# Fishbites



## Got Fish? (Dec 31, 2014)

I know that people have been using fishbites a lot. I would like to target mainly pups, trout, and flounder from the surf. My only question is which fishbite should I choose?


----------



## River (Sep 30, 2006)

Go with sandflea flavor ....... Definitely does the trick ..... River


----------



## phillyguy (Aug 9, 2010)

bloodworm!


----------



## Got Fish? (Dec 31, 2014)

My main problem is should I pick EZ type or the Fish-N-Strips type. What's the difference??


----------



## Clifferent (Mar 15, 2014)

I've had good luck with pink shrimp. Haven't tried sand flea yet. Ordered some last week to try in 3 weeks. On sale at BPS for $4.49!


----------



## Got Fish? (Dec 31, 2014)

Yeah I'm going to try and head to bps this weekend and buy a couple types to test in 2 weeks. Seems like so far I will grar pack of fleas, bloodworms, and shrimp. I'll ask some advice from the guys at bps.


----------



## Clifferent (Mar 15, 2014)

I prefer EZ...cut to fit. I tip whatever bait I have with little triangle pieces. Caught a 40 in. + drum on saltEd shrimp and FB at Jekyll Island in October.


----------



## Got Fish? (Dec 31, 2014)

So it doesn't affect how it works? Is the EZ just cuttable and that's the only difference?


----------



## afout07 (Jan 29, 2014)

I don't think you'll catch many flounder or trout on fishbites. I could be wrong though. I know pups will eat them but you'll probably be mainly catching pan fish with them. If you want cheap bait why not just dig some fleas right on the beach where you're fishing?


----------



## Got Fish? (Dec 31, 2014)

yes i have a sand flea rake. I have just heard a lot about Fishbites and was curious to whether they are worth my time buying.


----------



## Clifferent (Mar 15, 2014)

I've cut up the strips too. The long lasting formula has cloth mesh so it stays on hook better. It's pretty tough stuff so need sharp knife or scissors. The EZ is usually cheaper too.


----------



## afout07 (Jan 29, 2014)

Got Fish? said:


> yes i have a sand flea rake. I have just heard a lot about Fishbites and was curious to whether they are worth my time buying.

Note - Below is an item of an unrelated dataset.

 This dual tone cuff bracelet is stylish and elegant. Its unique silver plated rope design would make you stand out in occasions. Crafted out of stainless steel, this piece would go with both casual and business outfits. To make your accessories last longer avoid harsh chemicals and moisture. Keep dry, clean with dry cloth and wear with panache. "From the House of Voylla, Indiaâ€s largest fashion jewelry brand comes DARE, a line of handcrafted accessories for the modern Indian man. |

Oh. Yea they are worth buying. They're typically cheaper than the real thing, work just as well, and they don't need to be kept on ice like works/shrimp/squid. You can just buy em and toss em in your box and hit the beach.


----------



## Got Fish? (Dec 31, 2014)

Sounds like a deal. Is it true they are pup catching machines?


----------



## Clifferent (Mar 15, 2014)

I've seen people tip the hook with FB even while using real fleas. I was skeptical until last spring when a guy on a little pier in Panacea, FL gave me a small piece. I actually caught flounder, black drum and trout on it. Left there and went straight to Walmart!


----------



## Got Fish? (Dec 31, 2014)

Alright I'm sold. Now I just need to pick which one I want. My main target is all the fun fish: pups, black drum, flounder, trout.... Etc. what is the best FB for those species?


----------



## SmoothLures (Feb 13, 2008)

Got Fish? said:


> Alright I'm sold. Now I just need to pick which one I want. My main target is all the fun fish: pups, black drum, flounder, trout.... Etc. what is the best FB for those species?

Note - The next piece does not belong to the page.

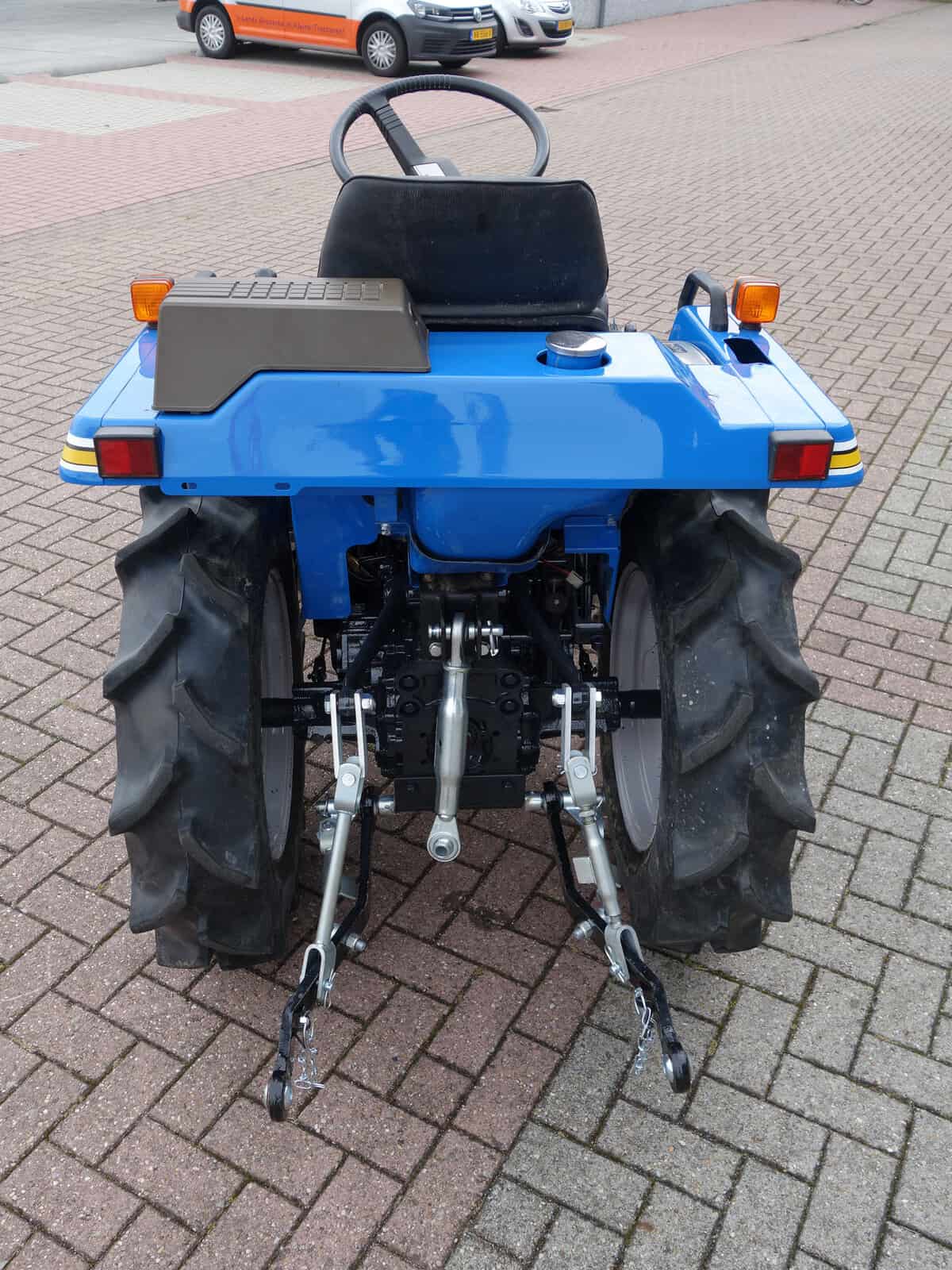 Geïntegreerd uitlaatsysteem waardoor er geen grote uitlaatdemper aan de buitenzijde zichtbaar is en uitsteekt, ideaal daar waar onder bomen, takken, uitsteeksels gewerkt moet worden. Met de krachtige 18 Pk sterke drie cilinder dieselmotor prima geschikt voor nagenoeg alle werkzaamheden zoals b.v; gazonmaaien, weide bloten, ploegen, frezen, manegebak vlakken, etc. De schakelpook is aan de zijkant gepositioneerd (zijschakeling), hierdoor ontstaat er een ruime opstap en een ergonomische werkhouding tijdens het schakelen. De vlakke vloer van de trekker maakt tevens dat de op- en afstap gemakkelijk verloopt. Vanaf de overzichtelijke bestuurderszitplaats zijn alle functies te bedienen, zoals; Hef, Aftakas, Hoge- en Lage gearing, Sper, etc. Trekker is voorzien van nieuwe hefset met topstang.

They're all good. Shrimp is my go-to in green and pink. Clam is good, too. Will try the sand flea this spring. Don't expect too many flounder or trout on them, though.


----------



## Elgreco (Aug 12, 2014)

I don't go fishing with fishbites solely to use them. I usually bring shrimp, cutbait and fishbites and use each one until i know whats biting.


----------



## Clifferent (Mar 15, 2014)

The only other flavor I've tried is clam (orange). Wasn't impressed. Oystertoads liked it at St. Simons Island. lol


----------



## Got Fish? (Dec 31, 2014)

So my plan is to bring fresh shrimp, my sand flea rake, sand flea FB, shrimp FB. I will be fishing for 3 days all day so that should last me the whole time.


----------



## yerbyray (May 18, 2010)

Where are you going and when?


----------



## Got Fish? (Dec 31, 2014)

yerbyray said:


> Where are you going and when?




I'll be in Oak Island NC sometime next week


----------



## afout07 (Jan 29, 2014)

Got Fish? said:


> So my plan is to bring fresh shrimp, my sand flea rake, sand flea FB, shrimp FB. I will be fishing for 3 days all day so that should last me the whole time.

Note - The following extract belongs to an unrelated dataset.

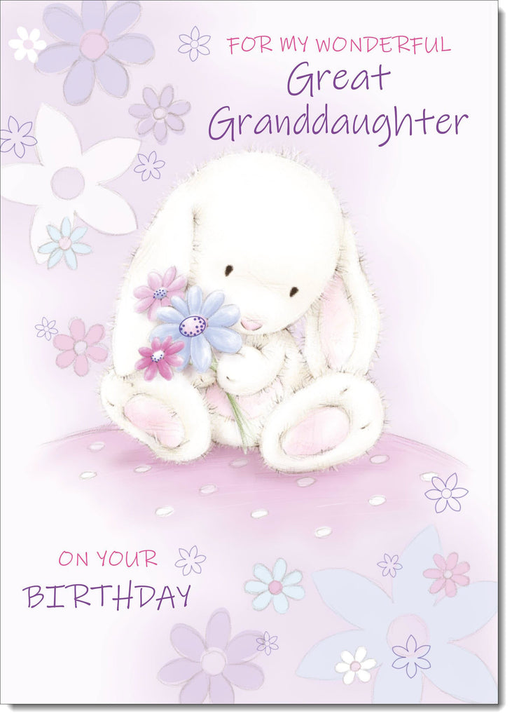 Great Granddaughter Birthday Card Cute Rabbit with Flowers

A bag of fishbites will last the entire season if you cut them into pieces like you would bloodworms or shrimp


----------



## SmoothLures (Feb 13, 2008)

afout07 said:


> A bag of fishbites will last the entire season if you cut them into pieces like you would bloodworms or shrimp


I don't know about that...pretty easy to go through a bag in a 2-3 day trip when the fish are chewing.


----------



## fishinbob (May 27, 2011)

I always carry a pack of bloodworm fishbites with me. Usually they'll work just as well as the real thing, but sometimes the fish want the real worms. I've caught a lot of small trout on the bloodworm fishbites as well.


----------



## jimmiebrown (Mar 20, 2015)

My Dad likes the Shrimp Fish N Strips for catching Pompano Surf Casting. Also catches Whiting, Blue Runners and Jacks with same flavor. He has tried the other flavors and has most success with Shrimp. Bass Pro Shop just had a great sale on those. The beauty of the FB is that you can cast as hard as you want and not lose the bait. I wish I had a nickle for every time I casted and watched one of my Sand Fleas fly off the hook. It's especially helpful when the fish are biting and you don't waste time re-baiting.


----------



## Got Fish? (Dec 31, 2014)

Does anyone know how long the bass pro sale is going on for?


----------



## Got Fish? (Dec 31, 2014)

After reading fishbites' website, it says the fast acting formula is better for water temps below 65. Should i switch to the fast acting for next week (high of 70 air temp) or should i still get the long lasting?


----------



## Got Fish? (Dec 31, 2014)

Just got back from Bass Pro. I bought:

FB Bloodworm Fast Acting
FB EZ Shrimp (Green) Long Lasting
FB EZ Shrimp (Pink) Long Lasting


I will post a report after my trip next week.


----------



## Mastrbaitr (May 7, 2014)

I have yet to catch anything on the fast acting. I have used the long lasting BW with the mesh inside. Caught some nice rock last year this time. As long as the water is in the 50's the long lasting will work.


----------



## Got Fish? (Dec 31, 2014)

I will be fishing in 70 degree air temps so im not sure what water temps should be, but I have two packs of long lasting and one pack of fast acting. Now it's just time to test them. I will post my results as soo as I can.


----------



## chuckitfar (Jun 29, 2014)

I always go with the long lasting.....but that is just my opinion.......
Dave


----------